A new Linux malware known as Koske is drawing attention for its unconventional approach: it hides within JPEG images of panda bears that appear completely harmless. But behind that adorable appearance lies a real threat that targets the system’s memory directly.
According to recent research, Koske is a fairly sophisticated piece of malware that appears to have been developed with the help of artificial intelligence. Due to its highly adaptive behavior, all signs suggest that its creators may be using advanced language models or automated tools to program and tailor it to different environments.
The primary goal of this malware isn't to steal data directly, but something more silent yet equally damaging: cryptocurrency mining. Once Koske is installed on a Linux system, it begins deploying cryptocurrency miners optimized for both CPU and GPU, using the infected machine’s resources without the user's knowledge.
It’s estimated that it can mine more than 18 different types of cryptocurrencies, which puts significant strain on the hardware and can seriously impact the performance of affected servers.
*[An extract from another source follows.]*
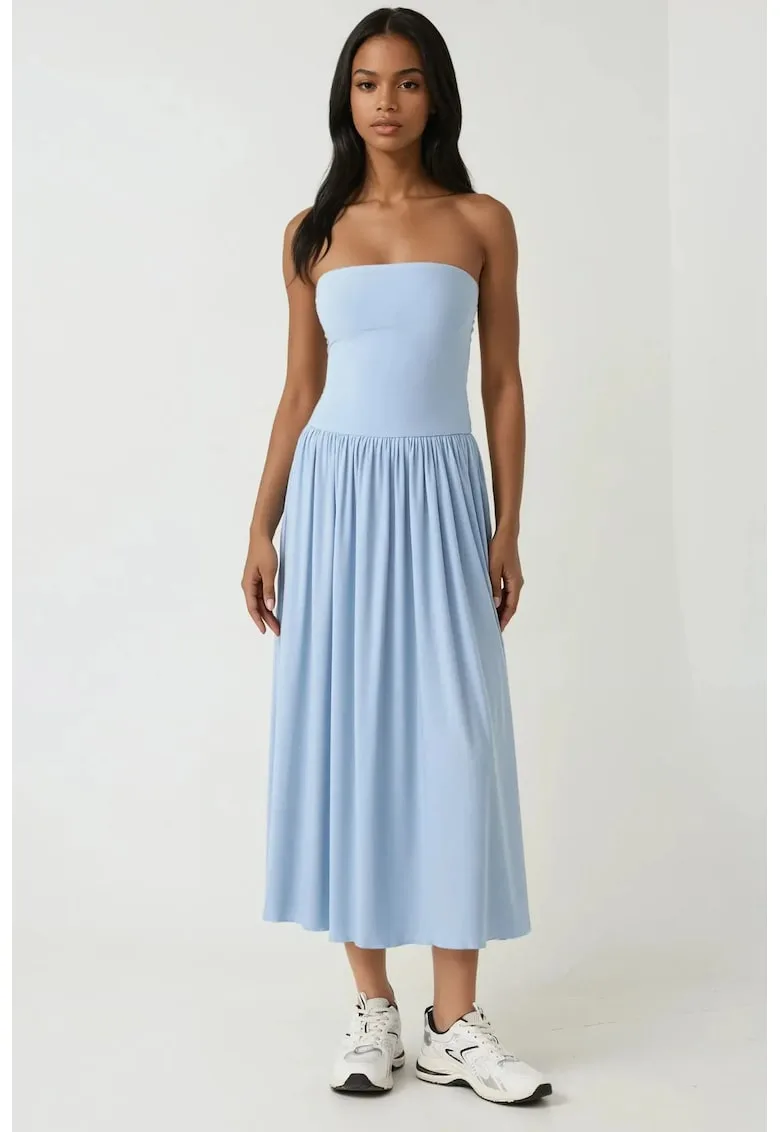 Rochie midi 2 in 1 – fara bretele – elastica – albastra – jerseu – Reduceri Exclusive

During analysis, researchers also uncovered curious details that may offer clues about its origin. For instance, IP addresses based in Serbia were detected, along with code fragments containing Serbian phrases and some elements written in Slovak within the GitHub repositories hosting the miners.
However, despite these hints, it’s still not possible to definitively attribute the attack to any specific group.
Behind a cute image, a serious threat may be hiding. That’s the idea behind one of the techniques used by the Koske malware, where the initial entry point of the attack is achieved by exploiting misconfigured JupyterLab instances exposed to the internet. Once inside, the attackers can execute commands directly on the compromised system.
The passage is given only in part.